Managing logistics, and having the mental strength for solo voyaging, were other prerequisites. “I don’t believe I had all those qualities,”she says. “I am naturally quite a reflective person, and so when I was struggling psychologically, such as out in the middle of the Atlantic, my mood was not helped by my GPS Chartplotter.”

She completed the solo passage from the Canary Islands to Antigua in 103 days between 2005-2006. Oars were broken in storms before she had got halfway, and she also lost or damaged her camping stove, stereo and cockpit navigation instruments.

“Frustration and boredom were most challenging, particularly on the Atlantic, and when the stereo broke very early on, and I only had my own thoughts to entertain me, it was a bit like Vipassana meditation on steroids!”

The Pacific, 8,000 miles across, was completed in three stages from 2008 to 2010. “I listened to audiobooks, so I felt a bit like taking the easy way out,” she says.

She encountered 8m high waves, capsized three times in 24 hours and suffered dehydration. Yet she found the shorter Atlantic tougher, because it was her first ocean crossing, she was in a race and it was a “very introspective experience”.

In all, she has rowed over 15,000 miles, taking an estimated five million oarstrokes. She has become a fellow of the Royal Geographical Society, international fellow of the Explorers' Club, and was named a 2010 Adventurer of the Year by National Geographic magazine.
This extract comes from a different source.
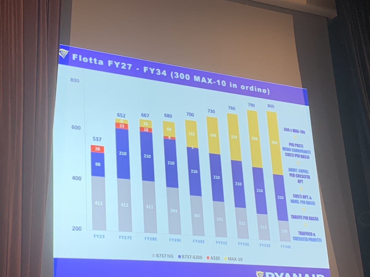 Ryanair ha svelato il piano flotta da qui’ al 2024, passera’ da 537 del FY2023 a 800 del FY2034.

She is also a UN Climate Hero and speaks regularly about climate issues.

“When you are out there, you really do realise how the health of our planet depends on the health of our oceans, which we have completely over-exploited,”she says.

Not surprisingly, she is often asked if she has read Life of Pi . "Yes, twice. It made me very glad that the only animals I have on my boat are of the stuffed, squishy variety,"she says. "But also a very interesting commentary on how we all create our own reality. Especially at sea."


Stop Drifting, Start Rowing: One Woman's Search for Happiness and Meaning Alone on the Pacific is due to be published in October. Savage speaks at the West Cork Literary Festival in Bantry's Maritime Hotel today at 3.30pm(€18) and will have a "coffee and chat" tomorrow in Bantry House tearoom at 10am (€8).